Tant  qu’à faire, il ne veut plus être qu’on le qualifie  de patois, de » Baragoin ». Il est Langue un point c’est tout. Il se fait accompagner, notamment à Aix-en-Provence par Lambert-Félix Prudent Sociolinguiste qui publie justement, en son nom aux Editions Caribéennes, en 1980, « Des baragoins à la langue antillaise ».

A l’Université des Antilles-Guyane, il délivre aujourd’hui des diplômes le concernant allant même jusqu’au doctorat, diplôme bien français. Il, le créole,  est choisi en option au BAC.

An ja la an rété, Sé mwen ki la  

Ici, nous sommes en Région Parisienne, ce Monsieur, face à ses élèves, c’est Tony Mango, il est un professeur de créole dans un Lycée. Il est titulaire du CAPES Créole, Certificat d’aptitude au professorat de l’enseignement du second degré, une distinction bien professionnelle française… C’est dire le chemin parcouru par le créole dans laps de temps aussi court.

Aujourd’hui, le créole sur les ondes des radios officielles ou privées aux Antilles-Guyane ou encore sur les ondes de quelques radios privées dans l’hexagone nous semble naturel, normal même. Il en est de même dans nos églises aux Antilles-Guyane et dans l’hexagone.

On n’affiche plus un rire gêné ou amusé quand on y entend du créole. On se sent plutôt rassuré notamment pour nos jeunes, surtout ceux de l’hexagone qui commencent à être de plus en plus nombreux à le pratiquer. Soyons redevables notamment aux parents et aux associations, aux artistes, chercheurs qui font une véritable œuvre d’éducation et de transmission.

2015, 32ème journée internationale du créole

Ce court panorama montre assez le chemin parcouru. Mais que la tâche reste encore difficile !

Peu d’entre nous savent écrire et lire le créole avec aisance aujourd’hui. Puissent les dictés créoles se multiplient et voient le nombre des concourants s’agrandir.

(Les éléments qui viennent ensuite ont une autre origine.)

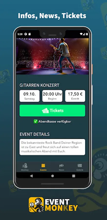 Whether it's a concert, sports event or your favorite event - with the Eventmonkey app you have all your tickets in one place!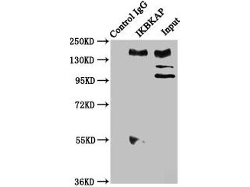 Aliases: DKFZp781H1425 antibody, DYS antibody, Dysautonomia (Riley Day syndrome hereditary sensory autonomic neuropathy type III) antibody, Elongator complex protein 1 antibody, ELP 1 antibody, ELP1 antibody, ELP1_HUMAN antibody, FD antibody, FLJ12497 antibody, IKAP antibody, IkappaB kinase complex associated protein antibody, IkappaB kinase complex-associated protein antibody, ikbkap antibody, IKI 3 antibody, IKI3 antibody, IKK complex associated protein antibody, IKK complex-associated protein antibody, Inhibitor of kappa light polypeptide gene enhancer in B cells kinase complex associated protein antibody, OTTHUMP00000063889 antibody, p150 antibody, TOT 1 antibody, TOT1 antibody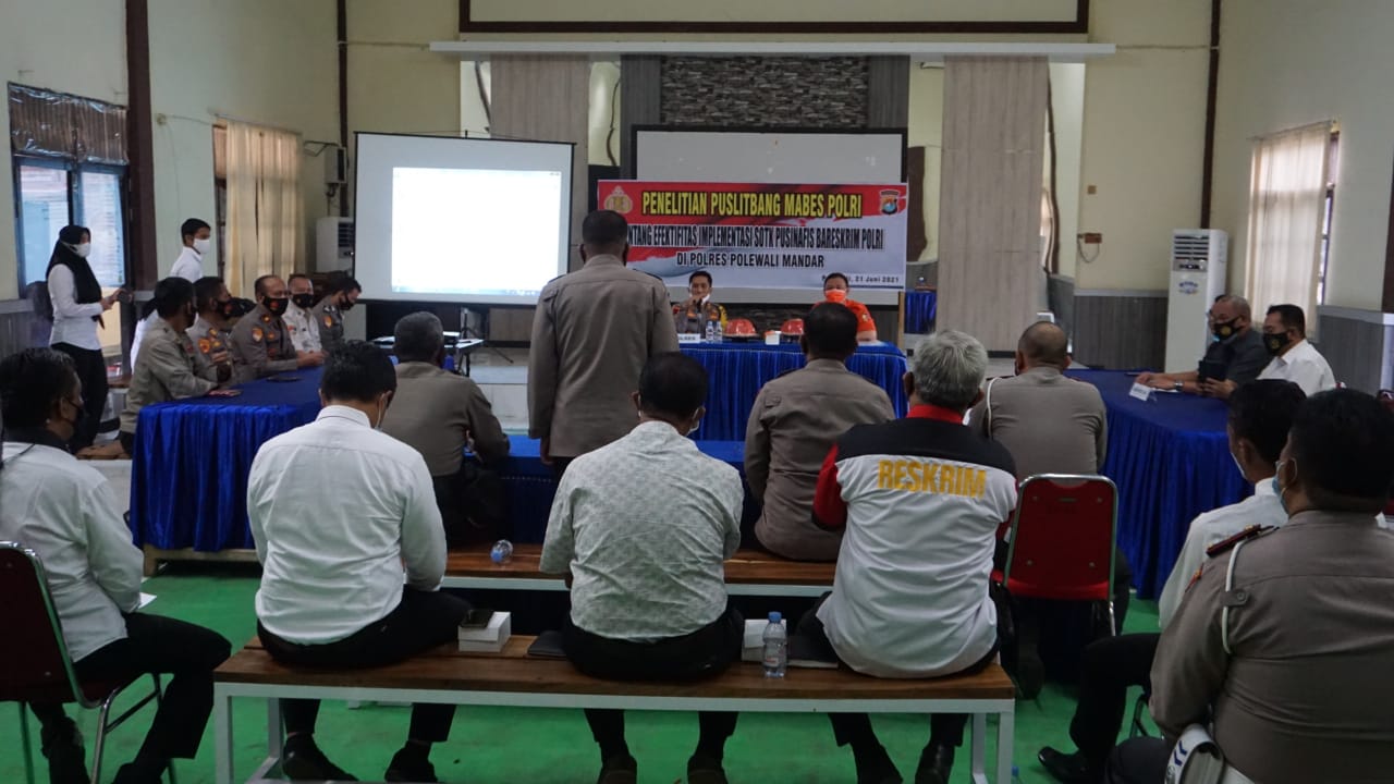 TIM Puslitbang POLRI Polman,penasulbar.co.id – Tim Pusat Penelitian dan Pengembangan (Puslitbang) Polri melaksanakan Penelitian tentang “Efektifitas Implementasi SOTK Pusinafis Bareskrim Polri di Kewilayahan” T.A. 2021 di wilayah Polda Sulawesi Barat salah satunya Polres Polewali Mandar, Senin (21/6/21).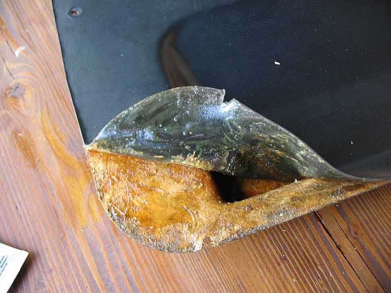 | Die Anlageflächen der Scharniere an der A-Säule wurden zuerst mechanisch und dann chemisch mit Brunox entrostet, grundiert und oliv gestrichen. | ![]() |

En 2015 notre créole fêtera sa 32ème journée internationale du créole aux côtés des autres créoles à travers le monde. C’est une occasion, parmi d’autres, où  jeunes et moins jeunes pourront s’enrichir ensemble localement et en communion avec ceux qui ont le créole en héritage à travers le monde. Car nous savons que notre créole Antillo-guyanais n’est pas  le seul à être dans une obligation d’expression. Assurément,  il ne se résigne pas à accepter l’étouffement comme mode d’existence.

Pierre Pastel*

*Le sociologue Pierre Pastel est par ailleurs psychothérapeute et coach scolaire. Il intervient, notamment, auprès des élèves décrocheurs dans plusieurs lycées en région parisienne et en Guadeloupe.